Dark and fathomless under a dark slash of brow, and framed in lashes women would kill for, those eyes stared at her now, pinning her to where she stood. There was still traffic outside. She was vaguely aware of the bustle and movement of a city in motion. But all that shrank in her ears under the thump of her beating heart and the questions that framed themselves so jaggedly in her mind.
‘What do you want?’ Her voice sounded unnaturally tight in the tiny shop—but how could it sound anything else now that he was absorbing all the space, effectively shrink-wrapping the room? She’d heard not a word from Alejandro since she’d left his home in Spain two months ago, and the look in his eyes before she’d done so had been no less unforgiving than it was now. Clearly nothing had changed.
He paused. Or was it just that time slowed in the air that hung heavy and thick between them, in the dark laser glare he directed her way?

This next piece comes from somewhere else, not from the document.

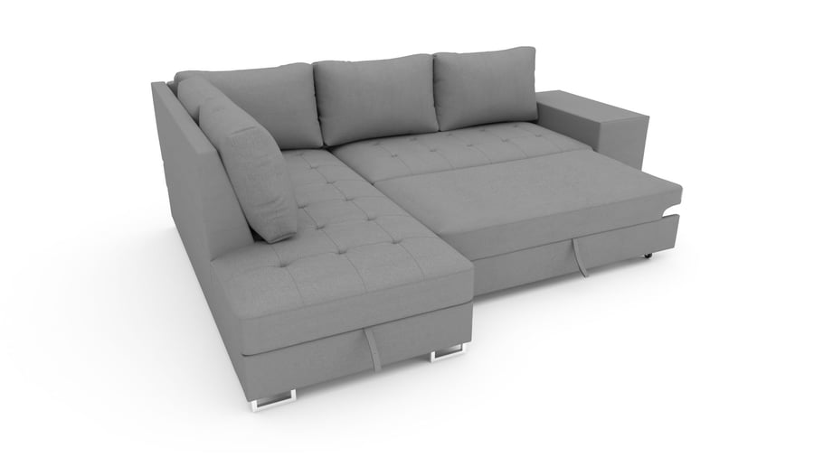 This modern corner sofa bed MARTHA is the perfect combination of style, comfort, and functionality. Upholstered in grey fabric, it complements any décor while providing a cosy seating and sleeping experience. The wave springs and foam filling ensure excellent support and long-lasting comfort. Featuring a convenient click-clack mechanism, it easily transforms into a spacious bed in seconds. A built-in storage compartment adds extra practicality, offering a discreet space for bedding and essentials. Ideal for any home, this versatile sofa is perfect for relaxing, hosting guests, or maximising space.
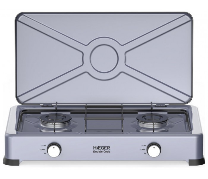 • HORNILLO DE GAS 2 FUEGOS DOUBLE COOK GRIS HAEGER (Espera 4 dias)

‘My dear Leah,’ he said at last, holding out his arms as he made a move closer. ‘Is this any way to greet an old friend?’
Her eyes narrowed, along with her thoughts. Alejandro wanted something. Friendship had been the last thing on his mind that fiery day two months ago, when she’d walked out of his villa and out of his life, his savage parting words still stinging in her ears.
And she’d known what he said was true. Hadn’t she lived with that fact hanging over her head every day of their six-month liaison? She’d known from the very beginning that she was only one more in a long line of mistresses. She’d been reminded of that fact every time she was out in public with him and women jostled to get close, flashing him white-toothed smiles and perfectly angled décolletages. Because they’d known it just as much as she had. Her position as mistress to Spain’s hottest property was tenuous. Short-term.
And after half a year her time must have been nearly up.
And that was why she’d fled. While she still had her pride, if not her heart. Before she’d crashed and burned like so many others before her.
‘Why are you here?’
He frowned and drew closer, until there was barely a metre and her ancient sewing machine between them, the look in his eyes almost wounded. ‘You sound so suspicious.’
She wasn’t taken in for a moment. She crossed her arms over her chest, needing to feel together—whole—when her world seemed to be unravelling by the minute. But he was too close for her to think. So close she could breathe in his exquisite cologne. So close she could have reached a finger out and touched the dark curls kissing his collar.
Distressed by her body’s betrayal, she edged away, moving deeper into the narrow shop, not stopping until she had the solid counter between them. She clutched onto the counter-top like a lifeline. ‘You haven’t answered my question.’